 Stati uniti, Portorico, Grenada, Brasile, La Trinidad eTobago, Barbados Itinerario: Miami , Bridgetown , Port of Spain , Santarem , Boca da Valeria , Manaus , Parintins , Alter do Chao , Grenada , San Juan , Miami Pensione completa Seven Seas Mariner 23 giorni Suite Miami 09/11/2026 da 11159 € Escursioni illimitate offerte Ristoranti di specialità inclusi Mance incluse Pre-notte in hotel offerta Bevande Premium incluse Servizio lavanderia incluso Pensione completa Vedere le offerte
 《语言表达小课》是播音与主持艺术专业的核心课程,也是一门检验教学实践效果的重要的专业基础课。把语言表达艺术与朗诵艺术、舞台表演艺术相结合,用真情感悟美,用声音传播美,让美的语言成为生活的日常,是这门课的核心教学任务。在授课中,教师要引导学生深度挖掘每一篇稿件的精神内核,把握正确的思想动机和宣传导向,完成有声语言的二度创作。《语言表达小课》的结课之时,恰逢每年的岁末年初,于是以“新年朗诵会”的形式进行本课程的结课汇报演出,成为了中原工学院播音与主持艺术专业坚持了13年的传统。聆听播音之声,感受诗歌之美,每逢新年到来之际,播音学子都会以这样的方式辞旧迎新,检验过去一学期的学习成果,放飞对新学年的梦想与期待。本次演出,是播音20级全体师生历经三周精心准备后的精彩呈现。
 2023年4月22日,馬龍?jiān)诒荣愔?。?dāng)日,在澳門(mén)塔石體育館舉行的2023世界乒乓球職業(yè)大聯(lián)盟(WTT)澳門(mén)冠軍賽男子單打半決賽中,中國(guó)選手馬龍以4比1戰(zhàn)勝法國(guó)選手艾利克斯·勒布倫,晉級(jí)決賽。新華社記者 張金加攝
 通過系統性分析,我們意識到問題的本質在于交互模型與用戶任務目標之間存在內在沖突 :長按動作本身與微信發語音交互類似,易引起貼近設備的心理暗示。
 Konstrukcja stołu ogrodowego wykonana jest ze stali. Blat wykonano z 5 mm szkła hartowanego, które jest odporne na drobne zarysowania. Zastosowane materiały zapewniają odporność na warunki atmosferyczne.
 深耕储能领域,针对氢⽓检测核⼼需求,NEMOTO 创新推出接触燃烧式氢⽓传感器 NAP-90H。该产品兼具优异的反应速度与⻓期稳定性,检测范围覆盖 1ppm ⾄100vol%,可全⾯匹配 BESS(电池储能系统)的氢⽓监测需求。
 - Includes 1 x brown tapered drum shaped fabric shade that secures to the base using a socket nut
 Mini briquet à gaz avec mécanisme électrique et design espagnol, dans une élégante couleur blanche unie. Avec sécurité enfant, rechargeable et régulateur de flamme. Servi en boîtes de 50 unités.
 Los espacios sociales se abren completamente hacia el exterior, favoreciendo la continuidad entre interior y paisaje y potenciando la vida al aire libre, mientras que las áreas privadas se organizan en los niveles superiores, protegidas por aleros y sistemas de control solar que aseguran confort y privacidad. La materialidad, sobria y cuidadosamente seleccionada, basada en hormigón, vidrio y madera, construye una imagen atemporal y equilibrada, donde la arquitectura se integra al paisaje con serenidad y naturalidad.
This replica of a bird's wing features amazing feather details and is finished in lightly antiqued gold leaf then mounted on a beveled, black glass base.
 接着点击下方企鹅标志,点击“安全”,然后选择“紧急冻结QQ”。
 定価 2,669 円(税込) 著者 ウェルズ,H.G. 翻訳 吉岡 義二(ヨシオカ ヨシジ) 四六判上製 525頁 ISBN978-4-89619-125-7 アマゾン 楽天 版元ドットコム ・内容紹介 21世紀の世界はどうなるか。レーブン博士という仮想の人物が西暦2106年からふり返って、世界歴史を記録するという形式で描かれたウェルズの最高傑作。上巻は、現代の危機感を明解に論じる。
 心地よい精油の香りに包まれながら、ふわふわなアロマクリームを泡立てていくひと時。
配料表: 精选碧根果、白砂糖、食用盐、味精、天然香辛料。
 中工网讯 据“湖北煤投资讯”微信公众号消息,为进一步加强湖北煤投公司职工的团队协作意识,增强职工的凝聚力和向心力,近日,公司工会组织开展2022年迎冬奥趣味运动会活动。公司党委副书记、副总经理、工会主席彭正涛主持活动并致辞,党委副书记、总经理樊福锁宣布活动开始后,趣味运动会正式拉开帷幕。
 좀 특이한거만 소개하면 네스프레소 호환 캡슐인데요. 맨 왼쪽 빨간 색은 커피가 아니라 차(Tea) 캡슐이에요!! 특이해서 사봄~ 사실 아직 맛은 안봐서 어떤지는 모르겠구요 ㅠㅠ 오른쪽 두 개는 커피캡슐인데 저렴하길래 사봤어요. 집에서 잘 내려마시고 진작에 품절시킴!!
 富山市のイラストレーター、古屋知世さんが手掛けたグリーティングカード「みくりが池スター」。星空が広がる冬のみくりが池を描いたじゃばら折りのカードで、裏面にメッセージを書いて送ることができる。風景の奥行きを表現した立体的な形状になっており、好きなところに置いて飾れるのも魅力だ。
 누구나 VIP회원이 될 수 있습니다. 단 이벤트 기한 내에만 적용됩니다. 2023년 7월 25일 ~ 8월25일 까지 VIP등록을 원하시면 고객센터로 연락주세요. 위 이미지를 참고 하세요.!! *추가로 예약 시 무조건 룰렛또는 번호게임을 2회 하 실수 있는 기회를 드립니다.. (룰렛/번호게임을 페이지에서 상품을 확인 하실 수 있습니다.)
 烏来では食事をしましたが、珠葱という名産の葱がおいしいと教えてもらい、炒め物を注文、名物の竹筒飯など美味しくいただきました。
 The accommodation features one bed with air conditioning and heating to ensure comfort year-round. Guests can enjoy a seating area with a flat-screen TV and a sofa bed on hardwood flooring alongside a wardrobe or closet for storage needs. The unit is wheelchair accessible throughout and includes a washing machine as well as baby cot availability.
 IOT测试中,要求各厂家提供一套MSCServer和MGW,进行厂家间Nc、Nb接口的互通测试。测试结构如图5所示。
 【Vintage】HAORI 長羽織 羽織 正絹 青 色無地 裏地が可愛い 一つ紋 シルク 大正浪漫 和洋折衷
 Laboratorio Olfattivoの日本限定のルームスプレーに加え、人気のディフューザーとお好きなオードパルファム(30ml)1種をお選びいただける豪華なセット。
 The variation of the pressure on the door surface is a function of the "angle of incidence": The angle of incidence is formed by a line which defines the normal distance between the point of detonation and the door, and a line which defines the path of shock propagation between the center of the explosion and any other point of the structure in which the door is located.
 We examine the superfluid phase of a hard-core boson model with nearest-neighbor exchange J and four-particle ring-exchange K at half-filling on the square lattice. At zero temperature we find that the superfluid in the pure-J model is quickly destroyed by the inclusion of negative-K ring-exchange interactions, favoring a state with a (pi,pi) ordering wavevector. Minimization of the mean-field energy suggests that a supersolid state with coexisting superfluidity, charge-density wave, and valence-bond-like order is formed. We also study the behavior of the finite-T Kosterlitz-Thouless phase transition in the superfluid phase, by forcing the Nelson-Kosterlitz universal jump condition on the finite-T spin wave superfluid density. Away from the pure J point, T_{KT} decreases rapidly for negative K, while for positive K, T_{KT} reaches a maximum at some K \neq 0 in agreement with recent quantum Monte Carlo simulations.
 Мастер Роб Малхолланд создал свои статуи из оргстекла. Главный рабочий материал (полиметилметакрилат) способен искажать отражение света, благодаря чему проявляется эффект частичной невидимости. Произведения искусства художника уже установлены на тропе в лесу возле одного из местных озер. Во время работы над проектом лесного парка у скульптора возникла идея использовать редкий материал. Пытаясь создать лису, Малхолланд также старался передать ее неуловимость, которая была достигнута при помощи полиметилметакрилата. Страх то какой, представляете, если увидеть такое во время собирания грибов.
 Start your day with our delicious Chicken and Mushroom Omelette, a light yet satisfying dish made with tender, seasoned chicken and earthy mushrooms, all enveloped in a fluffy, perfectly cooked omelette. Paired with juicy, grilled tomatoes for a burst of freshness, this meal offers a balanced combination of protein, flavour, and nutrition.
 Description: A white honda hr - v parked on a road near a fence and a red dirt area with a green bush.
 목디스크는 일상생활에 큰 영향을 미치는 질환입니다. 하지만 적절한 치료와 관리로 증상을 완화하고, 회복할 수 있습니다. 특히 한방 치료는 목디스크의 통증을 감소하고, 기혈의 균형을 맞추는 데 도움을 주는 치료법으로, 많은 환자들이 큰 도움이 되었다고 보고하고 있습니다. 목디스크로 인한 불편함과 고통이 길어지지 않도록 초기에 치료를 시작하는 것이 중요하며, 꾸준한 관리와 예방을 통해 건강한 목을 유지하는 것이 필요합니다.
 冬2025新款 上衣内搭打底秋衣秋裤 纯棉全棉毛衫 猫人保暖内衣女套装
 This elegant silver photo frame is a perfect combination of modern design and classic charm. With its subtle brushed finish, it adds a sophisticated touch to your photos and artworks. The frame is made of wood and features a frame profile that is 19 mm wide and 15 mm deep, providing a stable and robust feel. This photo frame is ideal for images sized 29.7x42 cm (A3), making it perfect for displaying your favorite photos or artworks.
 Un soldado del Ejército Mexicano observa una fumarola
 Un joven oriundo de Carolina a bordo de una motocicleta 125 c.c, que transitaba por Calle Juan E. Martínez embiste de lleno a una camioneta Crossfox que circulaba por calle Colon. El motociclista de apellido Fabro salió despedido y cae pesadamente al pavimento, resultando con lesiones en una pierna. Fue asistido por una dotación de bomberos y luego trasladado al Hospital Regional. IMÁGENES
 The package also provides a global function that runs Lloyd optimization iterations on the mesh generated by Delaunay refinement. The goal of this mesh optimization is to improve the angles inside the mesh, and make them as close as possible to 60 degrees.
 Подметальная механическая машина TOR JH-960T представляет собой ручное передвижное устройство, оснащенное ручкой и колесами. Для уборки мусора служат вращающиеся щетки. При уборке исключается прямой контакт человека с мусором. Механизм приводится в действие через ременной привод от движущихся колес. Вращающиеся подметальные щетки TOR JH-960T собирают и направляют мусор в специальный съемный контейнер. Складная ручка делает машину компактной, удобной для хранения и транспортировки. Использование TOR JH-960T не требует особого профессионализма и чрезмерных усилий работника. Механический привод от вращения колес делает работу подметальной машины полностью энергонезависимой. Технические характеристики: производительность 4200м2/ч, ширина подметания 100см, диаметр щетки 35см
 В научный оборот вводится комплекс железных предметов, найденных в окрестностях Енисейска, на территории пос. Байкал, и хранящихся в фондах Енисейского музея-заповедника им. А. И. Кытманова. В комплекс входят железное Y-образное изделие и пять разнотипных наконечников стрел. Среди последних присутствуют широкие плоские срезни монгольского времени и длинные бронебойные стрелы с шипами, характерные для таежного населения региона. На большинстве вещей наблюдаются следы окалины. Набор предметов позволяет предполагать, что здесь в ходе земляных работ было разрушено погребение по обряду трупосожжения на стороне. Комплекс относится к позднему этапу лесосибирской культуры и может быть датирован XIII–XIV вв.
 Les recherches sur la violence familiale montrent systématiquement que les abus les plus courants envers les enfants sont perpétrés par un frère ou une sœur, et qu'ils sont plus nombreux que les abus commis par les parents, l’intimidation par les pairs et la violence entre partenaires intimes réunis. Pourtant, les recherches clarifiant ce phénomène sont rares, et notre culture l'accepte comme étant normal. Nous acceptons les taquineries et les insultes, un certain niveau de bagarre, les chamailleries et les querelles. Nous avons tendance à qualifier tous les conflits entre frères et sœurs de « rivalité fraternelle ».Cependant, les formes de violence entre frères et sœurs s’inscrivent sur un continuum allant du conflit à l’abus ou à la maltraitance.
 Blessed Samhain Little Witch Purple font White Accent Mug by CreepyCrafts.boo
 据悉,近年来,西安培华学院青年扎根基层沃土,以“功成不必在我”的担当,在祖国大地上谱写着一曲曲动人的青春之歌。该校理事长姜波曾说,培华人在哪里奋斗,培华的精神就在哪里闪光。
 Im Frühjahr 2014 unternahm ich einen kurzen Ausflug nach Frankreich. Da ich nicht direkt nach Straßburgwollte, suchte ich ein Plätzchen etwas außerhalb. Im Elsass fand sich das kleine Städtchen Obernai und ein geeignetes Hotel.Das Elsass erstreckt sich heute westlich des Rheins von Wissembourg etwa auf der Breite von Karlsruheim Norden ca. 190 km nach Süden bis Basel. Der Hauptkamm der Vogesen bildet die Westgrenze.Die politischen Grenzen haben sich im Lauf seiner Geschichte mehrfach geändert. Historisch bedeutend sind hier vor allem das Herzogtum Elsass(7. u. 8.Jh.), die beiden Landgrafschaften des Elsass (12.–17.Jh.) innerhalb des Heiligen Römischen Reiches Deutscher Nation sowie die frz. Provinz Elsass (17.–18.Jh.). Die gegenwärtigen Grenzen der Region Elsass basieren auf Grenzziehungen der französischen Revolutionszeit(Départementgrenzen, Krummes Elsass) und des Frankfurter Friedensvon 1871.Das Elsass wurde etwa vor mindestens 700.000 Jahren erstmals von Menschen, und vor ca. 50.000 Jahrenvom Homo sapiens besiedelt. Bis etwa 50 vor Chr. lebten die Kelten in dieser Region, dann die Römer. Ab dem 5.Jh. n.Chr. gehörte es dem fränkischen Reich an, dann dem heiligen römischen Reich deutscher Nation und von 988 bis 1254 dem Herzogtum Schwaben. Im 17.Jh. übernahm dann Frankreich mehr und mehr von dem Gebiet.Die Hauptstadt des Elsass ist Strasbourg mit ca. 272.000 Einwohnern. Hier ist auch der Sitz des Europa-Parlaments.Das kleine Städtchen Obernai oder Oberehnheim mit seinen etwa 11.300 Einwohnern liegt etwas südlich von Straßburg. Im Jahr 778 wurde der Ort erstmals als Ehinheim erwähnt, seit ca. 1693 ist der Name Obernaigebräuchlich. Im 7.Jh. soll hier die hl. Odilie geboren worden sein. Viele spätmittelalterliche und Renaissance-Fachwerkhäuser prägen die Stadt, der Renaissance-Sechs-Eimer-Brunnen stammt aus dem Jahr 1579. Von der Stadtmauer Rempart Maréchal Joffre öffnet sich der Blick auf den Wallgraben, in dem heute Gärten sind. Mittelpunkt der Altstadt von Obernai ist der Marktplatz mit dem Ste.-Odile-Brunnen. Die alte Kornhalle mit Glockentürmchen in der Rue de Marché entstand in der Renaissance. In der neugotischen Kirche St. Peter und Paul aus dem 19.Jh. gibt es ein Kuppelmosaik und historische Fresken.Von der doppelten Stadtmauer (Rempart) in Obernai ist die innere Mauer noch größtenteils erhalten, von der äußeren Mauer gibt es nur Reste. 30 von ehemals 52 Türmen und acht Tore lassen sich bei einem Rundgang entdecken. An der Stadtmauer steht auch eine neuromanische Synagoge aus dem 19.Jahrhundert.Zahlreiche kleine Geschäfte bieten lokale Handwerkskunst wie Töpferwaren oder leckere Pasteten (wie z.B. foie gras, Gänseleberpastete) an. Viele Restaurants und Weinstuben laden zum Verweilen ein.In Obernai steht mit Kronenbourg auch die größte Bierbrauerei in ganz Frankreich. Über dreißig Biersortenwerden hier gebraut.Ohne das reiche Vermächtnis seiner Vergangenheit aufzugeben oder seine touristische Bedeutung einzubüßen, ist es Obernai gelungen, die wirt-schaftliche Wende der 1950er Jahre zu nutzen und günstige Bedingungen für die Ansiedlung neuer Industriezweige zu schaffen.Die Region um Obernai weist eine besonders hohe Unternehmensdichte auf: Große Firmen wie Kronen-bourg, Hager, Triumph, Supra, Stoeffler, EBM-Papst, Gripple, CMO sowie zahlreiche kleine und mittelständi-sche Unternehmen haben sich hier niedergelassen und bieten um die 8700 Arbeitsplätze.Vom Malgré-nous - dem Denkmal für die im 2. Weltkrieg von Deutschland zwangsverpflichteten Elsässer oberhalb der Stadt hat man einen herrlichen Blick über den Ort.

----

> [Work order]
Copy out each line of the entries above that holds "features".

> [Answer space]
This replica of a bird's wing features amazing feather details and is finished in lightly antiqued gold leaf then mounted on a beveled, black glass base.
 The accommodation features one bed with air conditioning and heating to ensure comfort year-round. Guests can enjoy a seating area with a flat-screen TV and a sofa bed on hardwood flooring alongside a wardrobe or closet for storage needs. The unit is wheelchair accessible throughout and includes a washing machine as well as baby cot availability.
 This elegant silver photo frame is a perfect combination of modern design and classic charm. With its subtle brushed finish, it adds a sophisticated touch to your photos and artworks. The frame is made of wood and features a frame profile that is 19 mm wide and 15 mm deep, providing a stable and robust feel. This photo frame is ideal for images sized 29.7x42 cm (A3), making it perfect for displaying your favorite photos or artworks.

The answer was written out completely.